--- Task data Enclosed Below ---

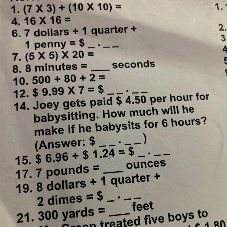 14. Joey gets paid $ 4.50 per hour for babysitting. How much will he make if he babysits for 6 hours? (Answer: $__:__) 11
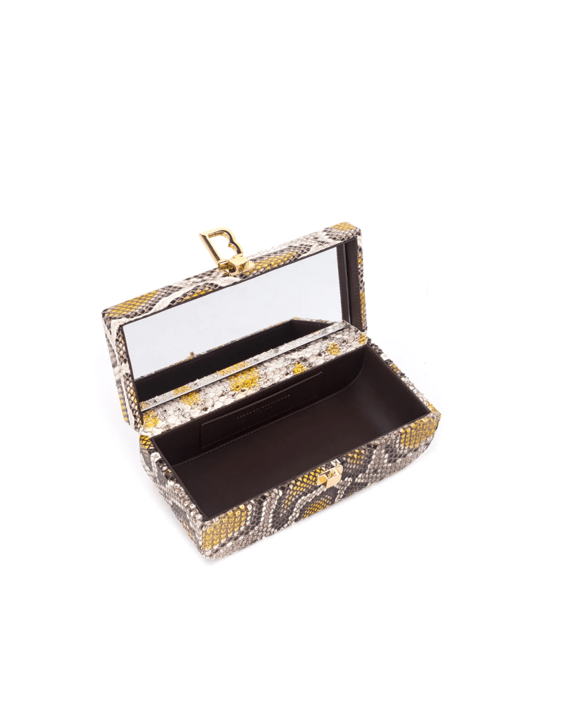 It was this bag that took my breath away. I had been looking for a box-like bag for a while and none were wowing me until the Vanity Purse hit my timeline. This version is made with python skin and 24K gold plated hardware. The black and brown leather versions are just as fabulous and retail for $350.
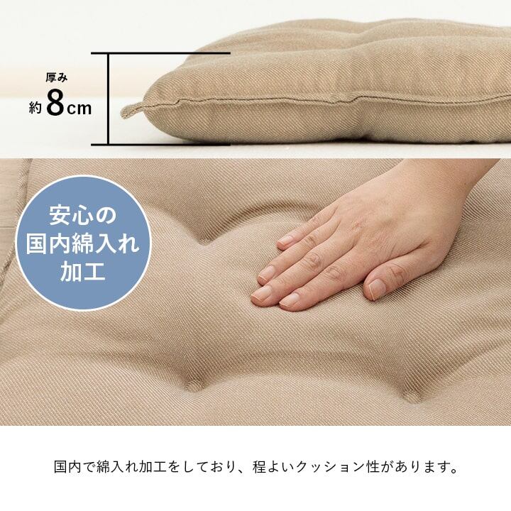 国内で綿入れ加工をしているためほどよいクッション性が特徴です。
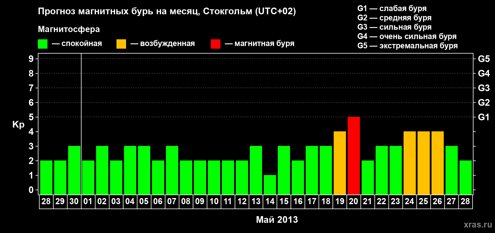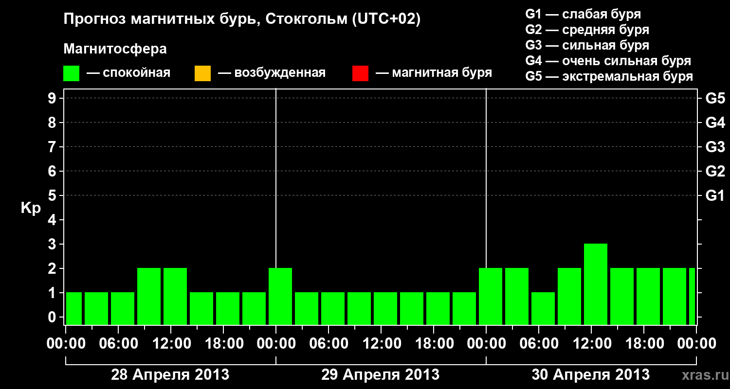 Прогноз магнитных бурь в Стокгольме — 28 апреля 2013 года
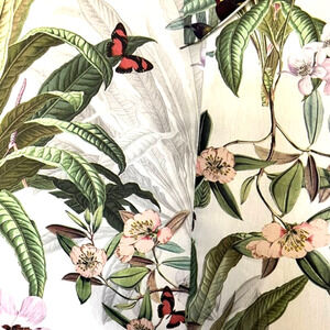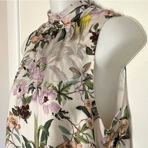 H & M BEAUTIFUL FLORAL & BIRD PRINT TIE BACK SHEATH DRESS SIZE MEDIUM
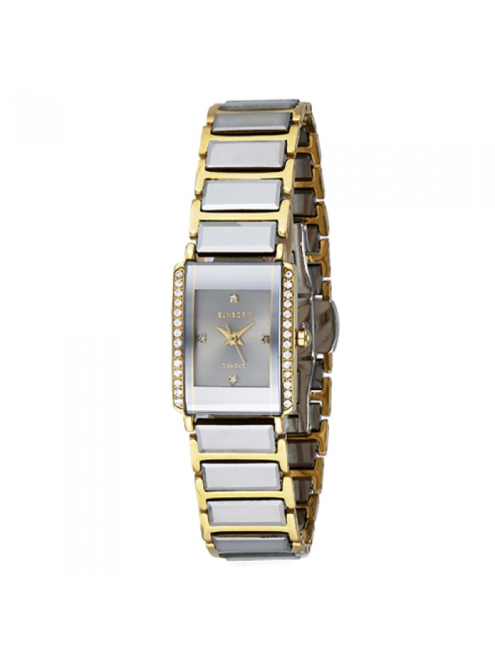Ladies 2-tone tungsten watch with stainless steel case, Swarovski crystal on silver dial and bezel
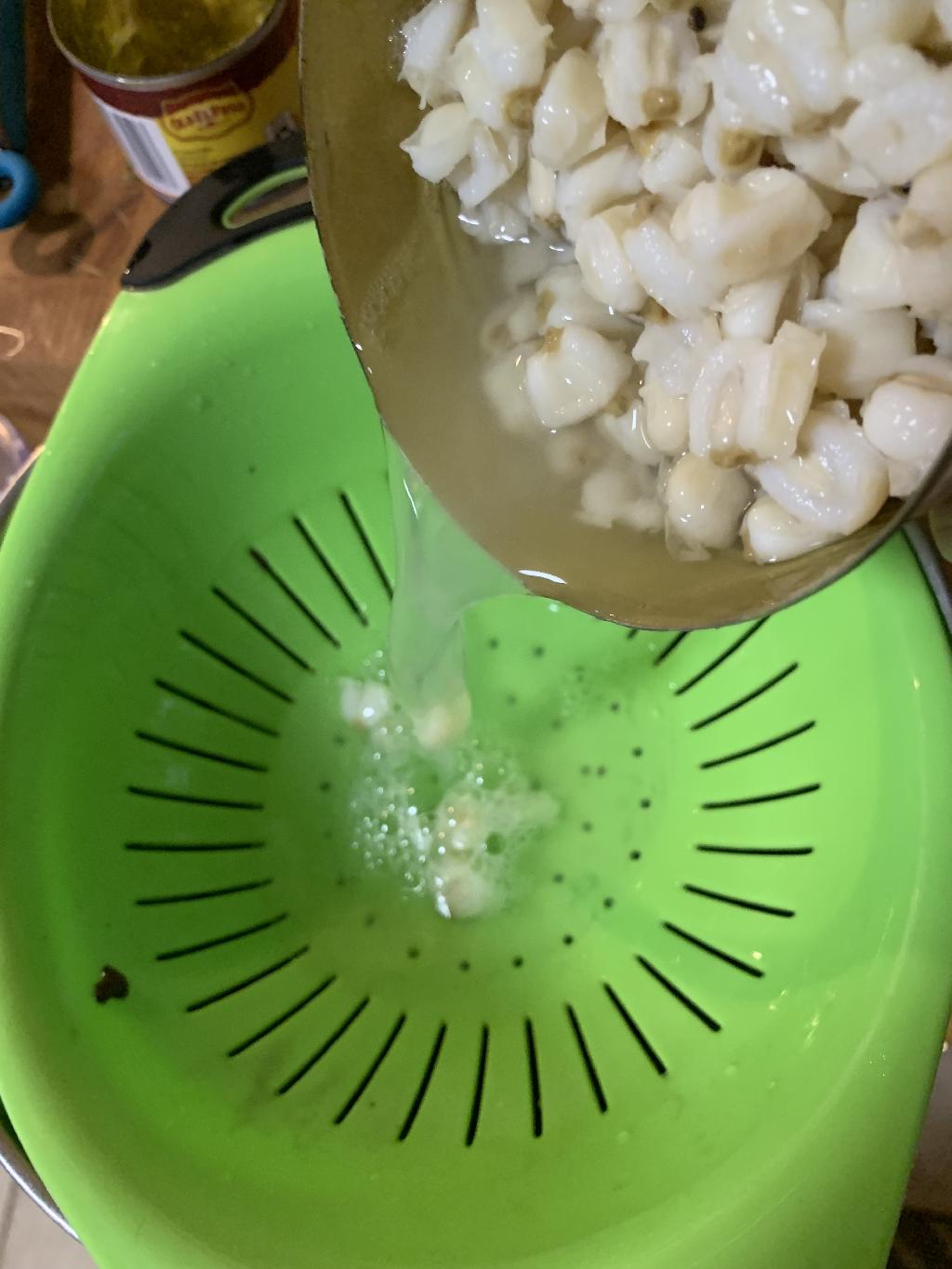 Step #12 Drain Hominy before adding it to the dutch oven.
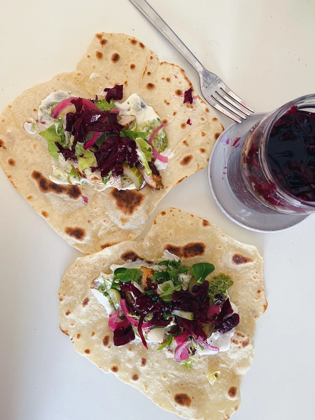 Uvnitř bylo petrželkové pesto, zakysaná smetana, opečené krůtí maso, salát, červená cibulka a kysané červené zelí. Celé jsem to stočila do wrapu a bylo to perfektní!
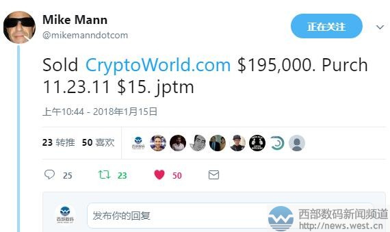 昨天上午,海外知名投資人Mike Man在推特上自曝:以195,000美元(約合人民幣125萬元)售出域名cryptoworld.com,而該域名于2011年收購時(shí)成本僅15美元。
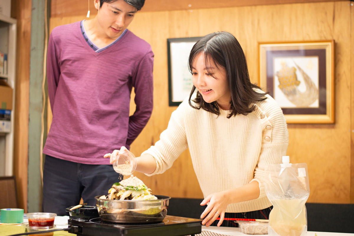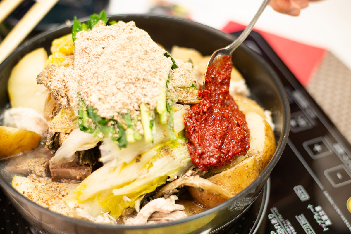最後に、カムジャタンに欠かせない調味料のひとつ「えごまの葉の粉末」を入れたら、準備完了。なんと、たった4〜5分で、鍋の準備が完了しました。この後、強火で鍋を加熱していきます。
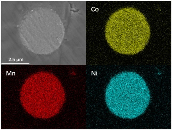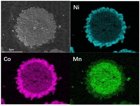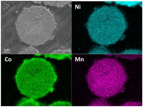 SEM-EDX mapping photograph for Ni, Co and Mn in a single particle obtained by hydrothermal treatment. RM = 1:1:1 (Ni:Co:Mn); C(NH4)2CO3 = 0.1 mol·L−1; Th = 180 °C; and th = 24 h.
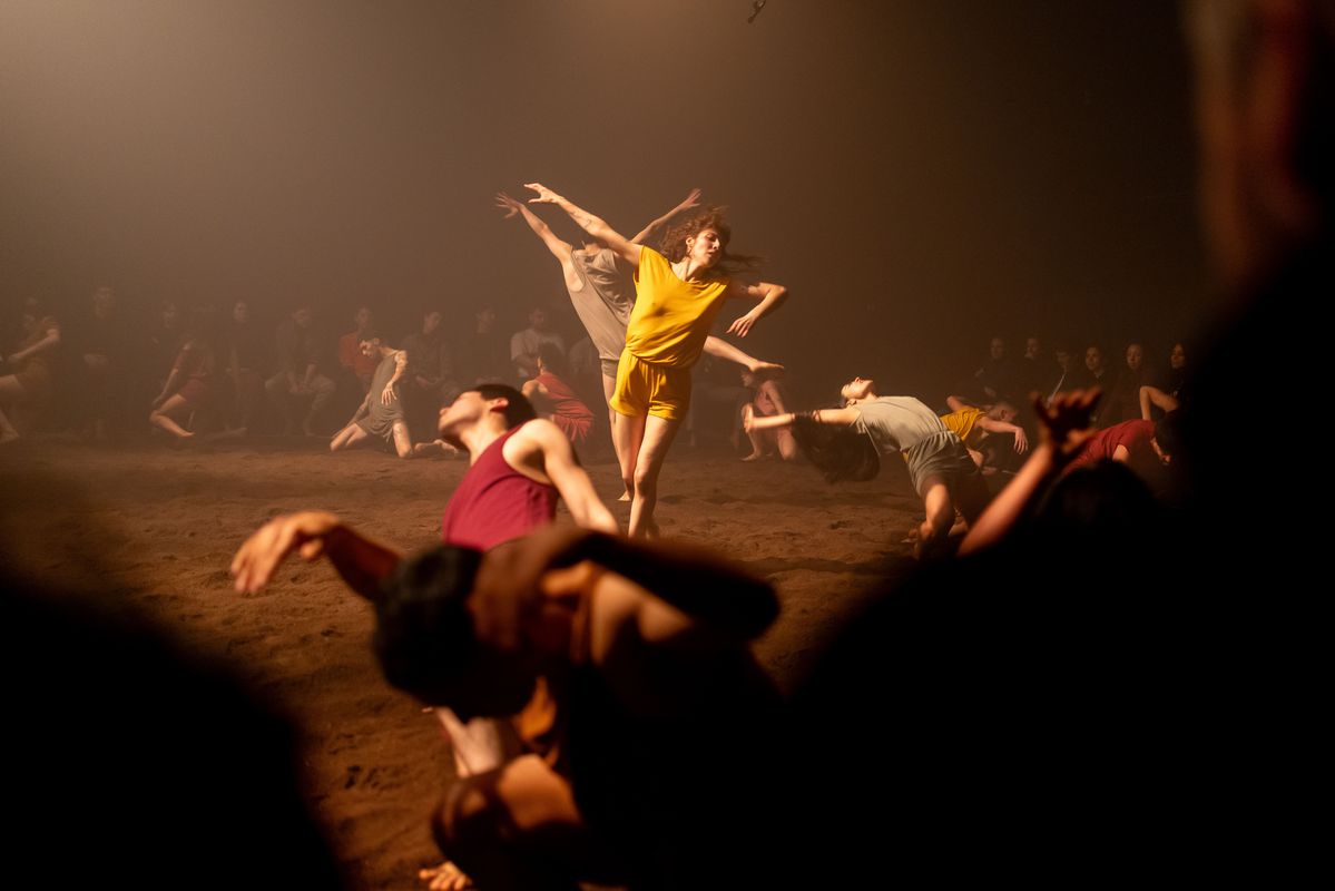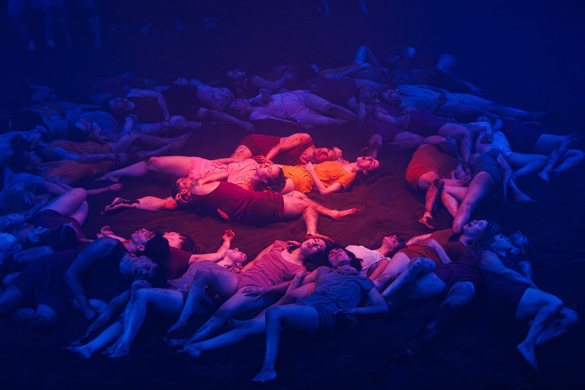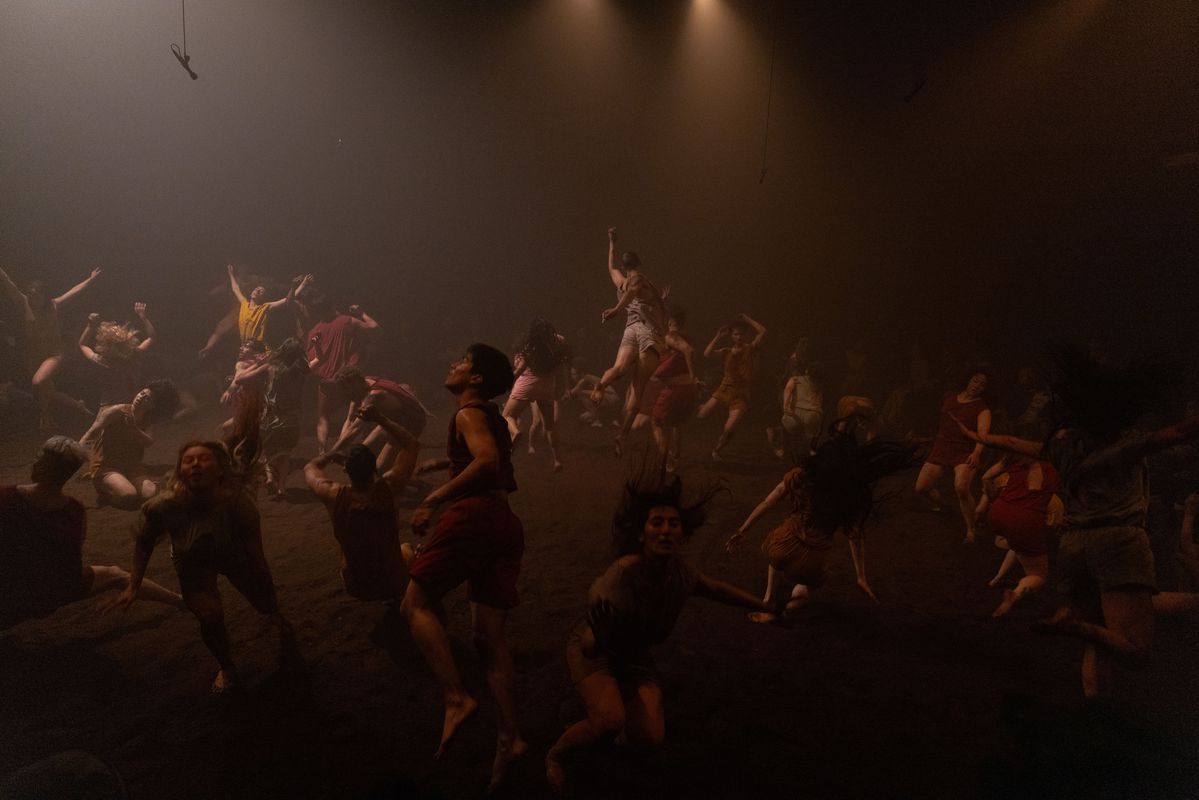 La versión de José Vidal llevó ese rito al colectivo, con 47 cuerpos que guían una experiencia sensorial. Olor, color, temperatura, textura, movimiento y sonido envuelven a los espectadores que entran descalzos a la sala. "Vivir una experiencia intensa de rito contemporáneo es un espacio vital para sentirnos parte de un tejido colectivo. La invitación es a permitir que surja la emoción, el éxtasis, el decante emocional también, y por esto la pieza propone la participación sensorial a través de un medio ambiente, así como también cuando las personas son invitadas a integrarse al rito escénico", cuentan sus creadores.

--- End of Enclosed Task data ---

Pictures aside, return exactly the lines from the data above, starting at the line that has "Step #12 Drain" and ending at the line that has "Uvnitř bylo petrželkové", both included.

Solution to this task:
 Step #12 Drain Hominy before adding it to the dutch oven.
 Uvnitř bylo petrželkové pesto, zakysaná smetana, opečené krůtí maso, salát, červená cibulka a kysané červené zelí. Celé jsem to stočila do wrapu a bylo to perfektní!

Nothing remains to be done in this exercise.